The error was a connection timeout, intermittent, about one request in fifty, and I was completely certain it was a race in our connection pool. I knew this the way you know things at 9am with not enough coffee in you: confidently and wrongly.
So I read the pool code. I added counters. I wrote a little reproduction that hammered it with a thousand concurrent requests, and it sat there serenely, never timing out once. The reproduction was faster and angrier than production and it could not be made to fail. That should have told me something straight away, but I'd already decided what the bug was, so I just assumed my reproduction wasn't realistic enough.
It wasn't a race.

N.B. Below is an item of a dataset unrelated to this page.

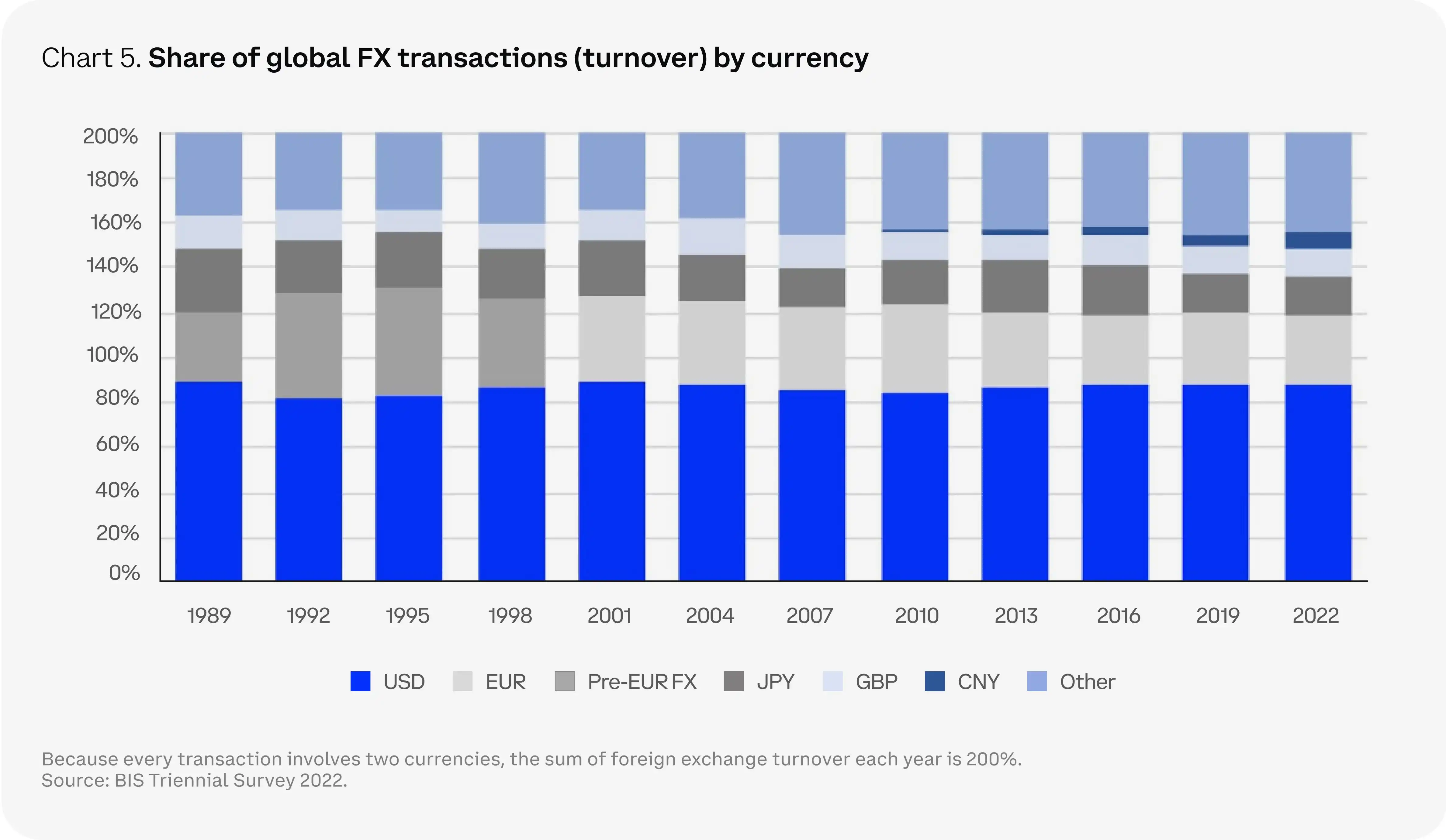 另一方面,摆脱美元化主题自 1980 年代初以来一直是讨论话题,尽管如此,美元仍然是世界储备货币。事实上,美元在全球金融和贸易中的超大规模作用意味着美元在所有国际交易中的份额在过去四十年中一直保持在 85-90% 左右。改变的是,随着美国因乌克兰战争对俄罗斯实施更多制裁,全球金融的武器化开始了。这加速了开发新的跨境支付解决方案的兴趣,因为越来越多的国家正在达成双边协议,以减少对美元的依赖。例如,法国和巴西(以及其他国家)已经开始用中国人民币结算商品贸易。此外,还在进行中央银行数字货币的更多试验,以避免当今繁琐的代理银行系统。

It was DNS. The service talked to a backend by hostname, and one of the resolvers in /etc/resolv.conf was a stale entry pointing at a box that had been decommissioned weeks before. Most lookups hit the first resolver and returned instantly. Occasionally one fell through to the dead one, sat there for the full five-second timeout, then retried. One request in fifty, five seconds, looks exactly like a timeout under load. It was never load. It was a resolv.conf nobody had touched since the migration.
The fix was a one-line deletion. The lesson was that I'd spent two days debugging the code because I'd decided, before looking at anything, that the code was where the bug lived. The code was fine. My assumptions were the bug. I now try to make myself state, out loud, "what am I assuming is true here that I haven't actually checked?" It is a stupid little ritual and it would have saved me a day and a half.